Data for analysis section start

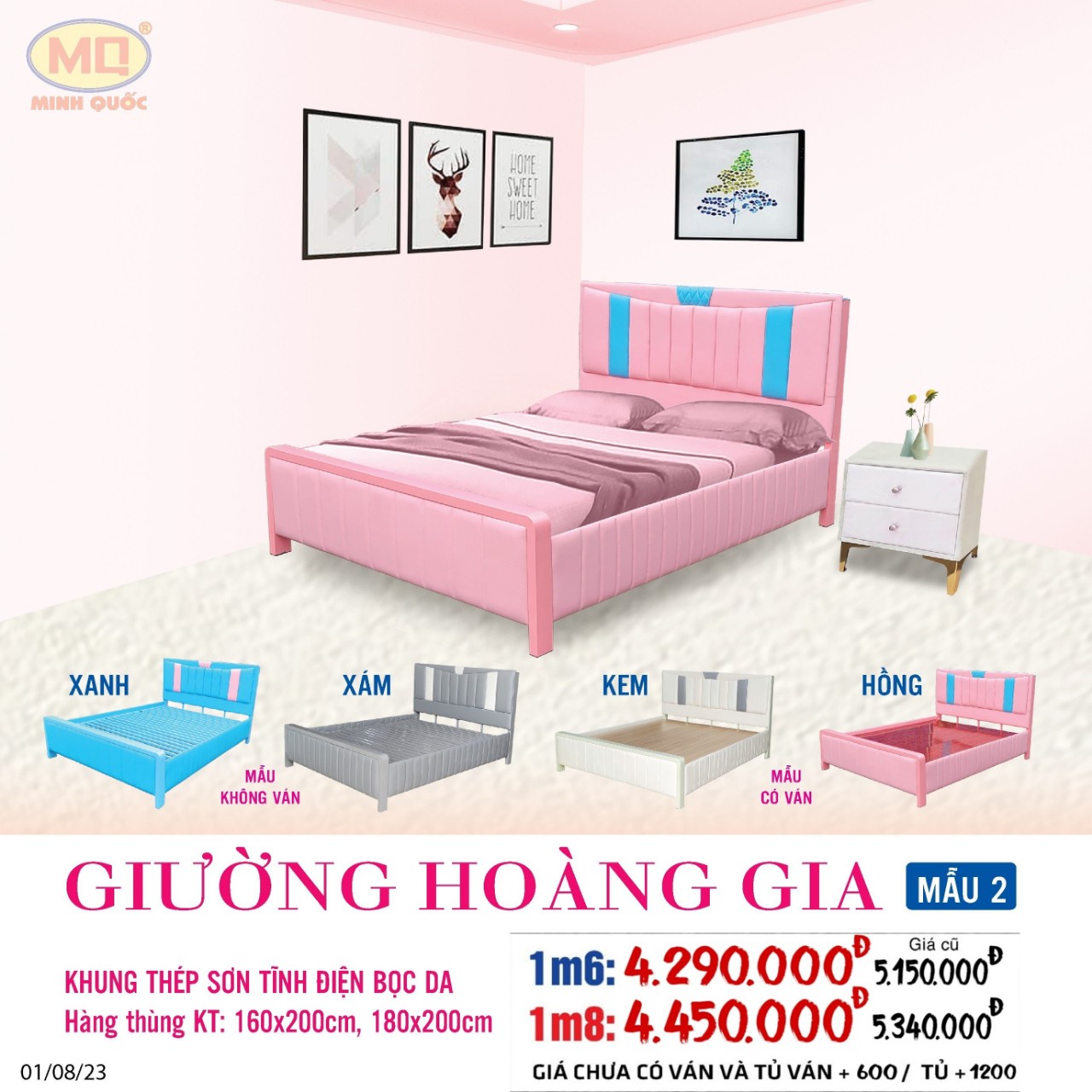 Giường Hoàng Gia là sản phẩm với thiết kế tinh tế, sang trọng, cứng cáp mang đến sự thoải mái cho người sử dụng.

Data for analysis section end
Data for analysis section start

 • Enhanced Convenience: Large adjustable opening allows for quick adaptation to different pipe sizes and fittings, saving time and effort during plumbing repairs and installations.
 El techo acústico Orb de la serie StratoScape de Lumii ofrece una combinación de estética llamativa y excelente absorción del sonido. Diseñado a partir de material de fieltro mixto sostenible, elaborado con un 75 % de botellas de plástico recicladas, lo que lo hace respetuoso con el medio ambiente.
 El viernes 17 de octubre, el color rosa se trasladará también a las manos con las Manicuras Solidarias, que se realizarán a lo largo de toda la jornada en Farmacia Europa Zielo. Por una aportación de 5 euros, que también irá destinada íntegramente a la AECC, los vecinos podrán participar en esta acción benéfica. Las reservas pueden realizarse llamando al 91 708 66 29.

Data for analysis section end
Data for analysis section start

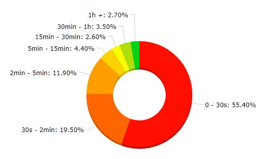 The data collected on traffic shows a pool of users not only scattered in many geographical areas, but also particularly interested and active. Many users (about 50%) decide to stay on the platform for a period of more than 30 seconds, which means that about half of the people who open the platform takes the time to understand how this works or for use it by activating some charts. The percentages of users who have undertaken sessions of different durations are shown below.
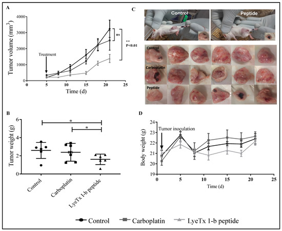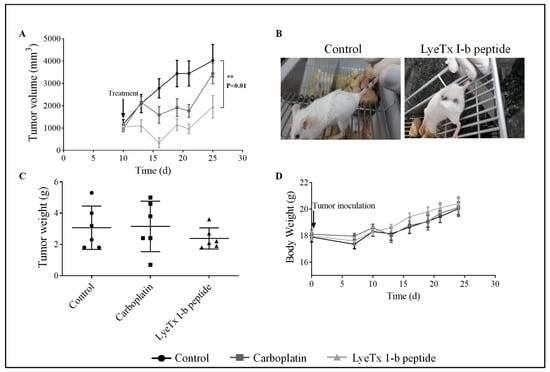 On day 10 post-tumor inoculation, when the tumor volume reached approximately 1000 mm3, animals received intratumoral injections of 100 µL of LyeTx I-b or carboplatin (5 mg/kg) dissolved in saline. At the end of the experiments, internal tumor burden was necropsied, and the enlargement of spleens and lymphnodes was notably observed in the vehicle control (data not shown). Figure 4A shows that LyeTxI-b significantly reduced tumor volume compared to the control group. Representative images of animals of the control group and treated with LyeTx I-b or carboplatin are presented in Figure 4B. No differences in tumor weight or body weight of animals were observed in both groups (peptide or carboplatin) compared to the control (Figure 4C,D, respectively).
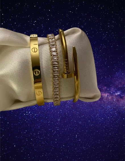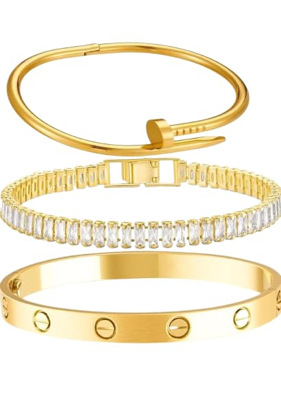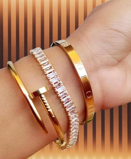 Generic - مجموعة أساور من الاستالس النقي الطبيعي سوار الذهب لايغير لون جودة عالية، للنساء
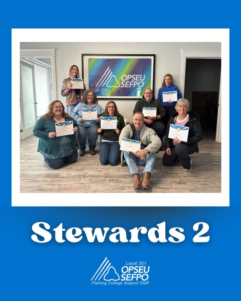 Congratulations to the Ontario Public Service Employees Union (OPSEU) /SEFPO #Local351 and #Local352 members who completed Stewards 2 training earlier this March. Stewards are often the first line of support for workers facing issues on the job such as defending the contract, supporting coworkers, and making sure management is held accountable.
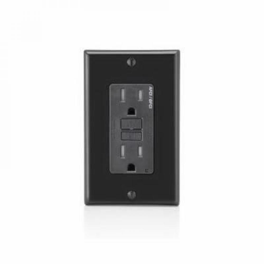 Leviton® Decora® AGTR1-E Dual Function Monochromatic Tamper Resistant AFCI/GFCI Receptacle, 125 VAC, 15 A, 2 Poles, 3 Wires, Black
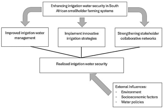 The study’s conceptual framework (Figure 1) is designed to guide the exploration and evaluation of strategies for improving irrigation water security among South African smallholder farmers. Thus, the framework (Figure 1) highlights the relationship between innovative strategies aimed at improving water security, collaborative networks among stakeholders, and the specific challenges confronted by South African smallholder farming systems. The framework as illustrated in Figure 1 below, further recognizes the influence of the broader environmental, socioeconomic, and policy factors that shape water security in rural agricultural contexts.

Data for analysis section end

» Exercise prompt: Starting at the line above that holds "Leviton® Decora® AGTR1-E", return each line up to and including the one that holds "The study’s conceptual", exactly as written, minus any pictures.

» Response to this task:
 Leviton® Decora® AGTR1-E Dual Function Monochromatic Tamper Resistant AFCI/GFCI Receptacle, 125 VAC, 15 A, 2 Poles, 3 Wires, Black
 The study’s conceptual framework (Figure 1) is designed to guide the exploration and evaluation of strategies for improving irrigation water security among South African smallholder farmers. Thus, the framework (Figure 1) highlights the relationship between innovative strategies aimed at improving water security, collaborative networks among stakeholders, and the specific challenges confronted by South African smallholder farming systems. The framework as illustrated in Figure 1 below, further recognizes the influence of the broader environmental, socioeconomic, and policy factors that shape water security in rural agricultural contexts.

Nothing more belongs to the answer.